_ABOUT THIS EXERCISE_
The lines in the listing below are to be given again exactly, starting at the line holding "Tevens heeft u" and ending at the line holding "ロフトベッド ロフトベット 大人用". Do not include pictures.

_INPUT_

************

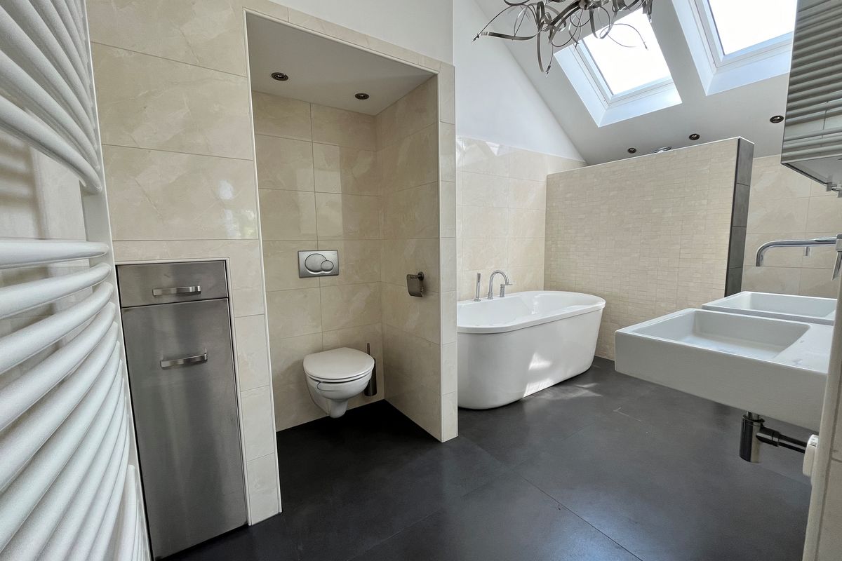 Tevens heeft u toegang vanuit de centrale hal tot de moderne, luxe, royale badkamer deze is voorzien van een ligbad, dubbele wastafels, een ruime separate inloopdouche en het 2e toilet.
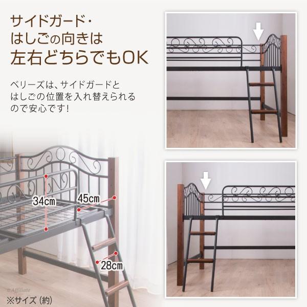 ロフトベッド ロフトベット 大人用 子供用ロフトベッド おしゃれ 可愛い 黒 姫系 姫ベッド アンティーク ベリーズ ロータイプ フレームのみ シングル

************

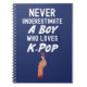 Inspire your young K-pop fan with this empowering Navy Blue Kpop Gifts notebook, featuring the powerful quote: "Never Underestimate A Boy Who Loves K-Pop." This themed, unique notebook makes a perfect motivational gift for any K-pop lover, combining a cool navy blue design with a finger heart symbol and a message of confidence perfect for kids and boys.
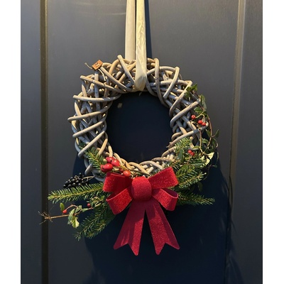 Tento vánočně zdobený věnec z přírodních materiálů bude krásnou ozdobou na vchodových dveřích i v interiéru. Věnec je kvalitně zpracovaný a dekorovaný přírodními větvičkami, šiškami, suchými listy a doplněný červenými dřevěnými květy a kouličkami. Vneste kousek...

************

_SOLUTION FOR THIS TASK_
 Tevens heeft u toegang vanuit de centrale hal tot de moderne, luxe, royale badkamer deze is voorzien van een ligbad, dubbele wastafels, een ruime separate inloopdouche en het 2e toilet.
 ロフトベッド ロフトベット 大人用 子供用ロフトベッド おしゃれ 可愛い 黒 姫系 姫ベッド アンティーク ベリーズ ロータイプ フレームのみ シングル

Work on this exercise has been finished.